Previous reports have demonstrated that the stress-induced depression in body weight is maintained over time, even after the exposure to stress has ceased (27, 52). Although repeated stress (3 daily episodes) was reported to reduce food intake during and subsequent to the last day of stress exposure, one episode only of the stressor depressed food consumption on the day of stress. When the three daily episodes of restraint were applied to young (3-wk-old) rats, reductions in food intake and especially body weight were not as marked or as persistent as those observed in adult rats exposed to the repeated stressor.
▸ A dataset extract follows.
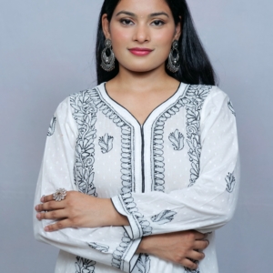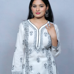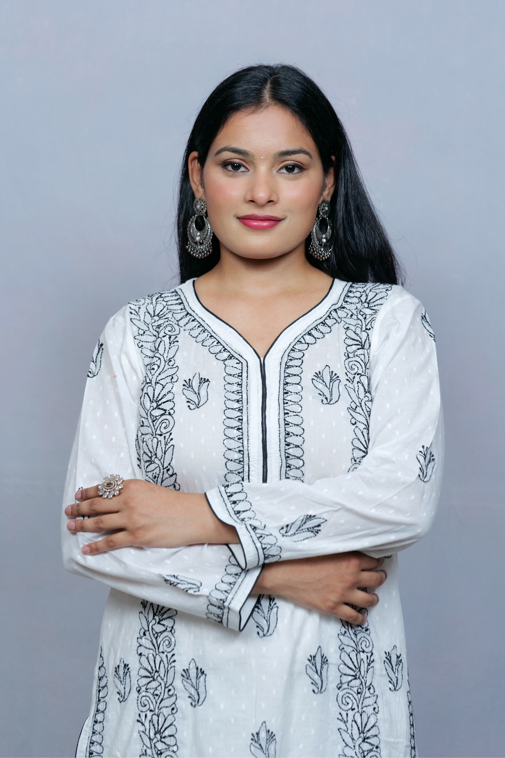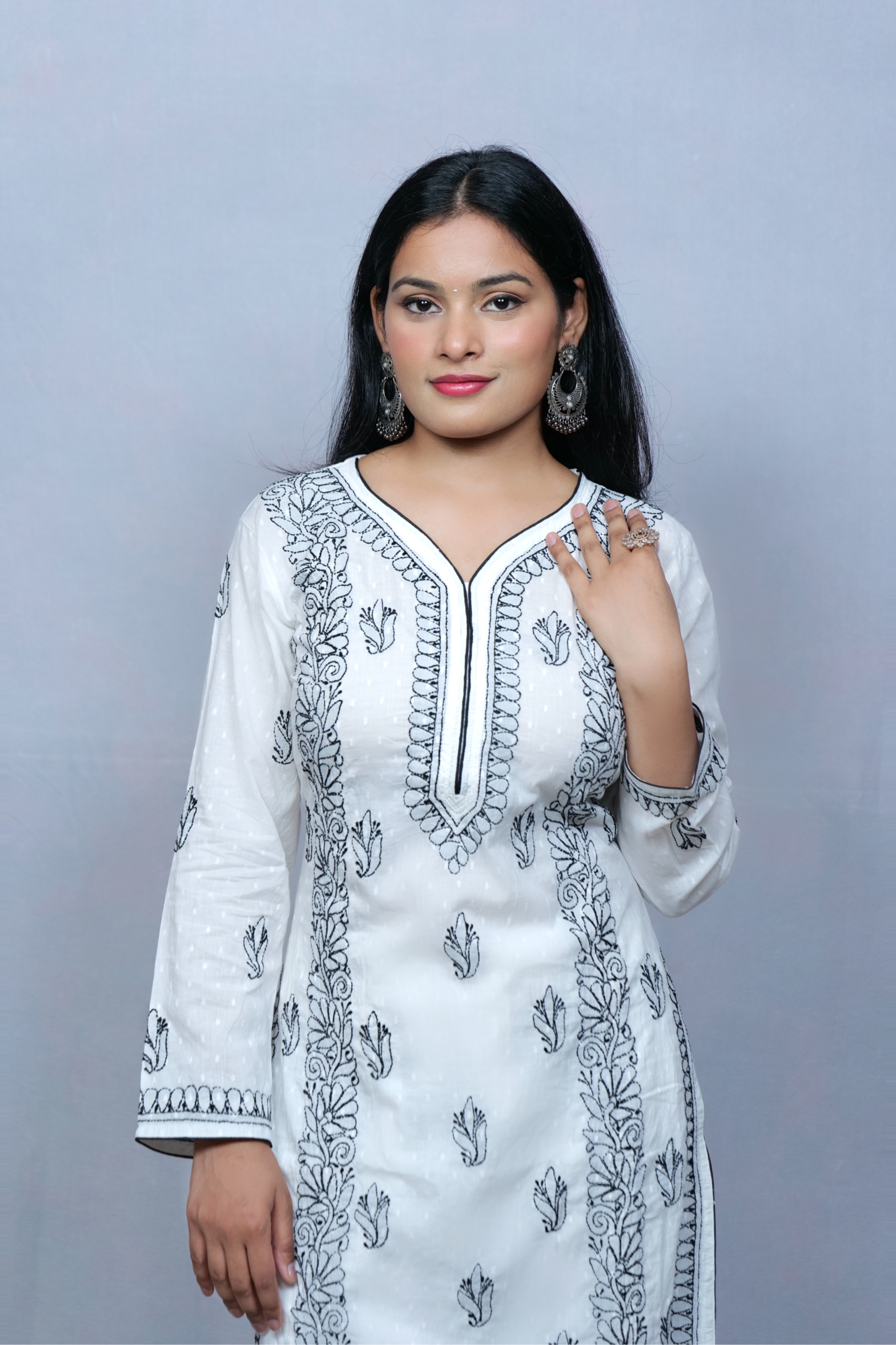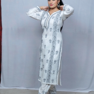 Step into timeless elegance with this stunning white Cotton suit with Bhakiya work from Lucknavi Adaa — a perfect blend of tradition and grace. This handcrafted ensemble features intricate black thread embroidery that runs delicately along the neckline, sleeves, and borders, giving it a refined and classic appeal.

Results from a study by Marty et al. (42) suggest that chronic, intermittent restraint and immobilization maintain their inhibitory effects on growth and food intake in adult rats over the entire 4-wk experiment.
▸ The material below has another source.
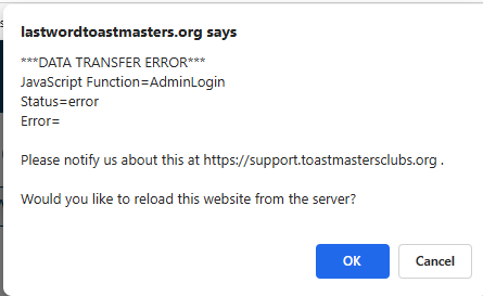 LastWordToastmasters login errors data Transfer Error

These findings, and previous results from studies conducted in our laboratory (39), raise two interesting questions about rapidly growing mice: 1) is the energetic response altered over the course of daily exposure to restraint stress? and 2) is there recovery of energy and body weight after the stress-induced depression of growth? To address these questions, we evaluated the energetic response to repeated restraint stress and poststress recovery in young, postweanling mice.


    MATERIALS AND METHODS
TOP
ABSTRACT
INTRODUCTION
MATERIALS AND METHODS
RESULTS
DISCUSSION
REFERENCES

Male C57Bl/6 mice (B&K Universal, Fremont, CA) were individually housed in hanging wire mesh cages in a room maintained at 23 ± 2°C on a 14:10-h lighting schedule. Before each experiment, mice were acclimated for 1 wk, and all experiments began when mice were 31 days of age. Each experiment lasted 7 days, beginning at 0700 on day 1 and ending at 0700 on day 8. Each day at 0700, body weight was recorded, feed was removed, and feed intake (corrected for spillage) was measured. All mice were then returned to their home cage.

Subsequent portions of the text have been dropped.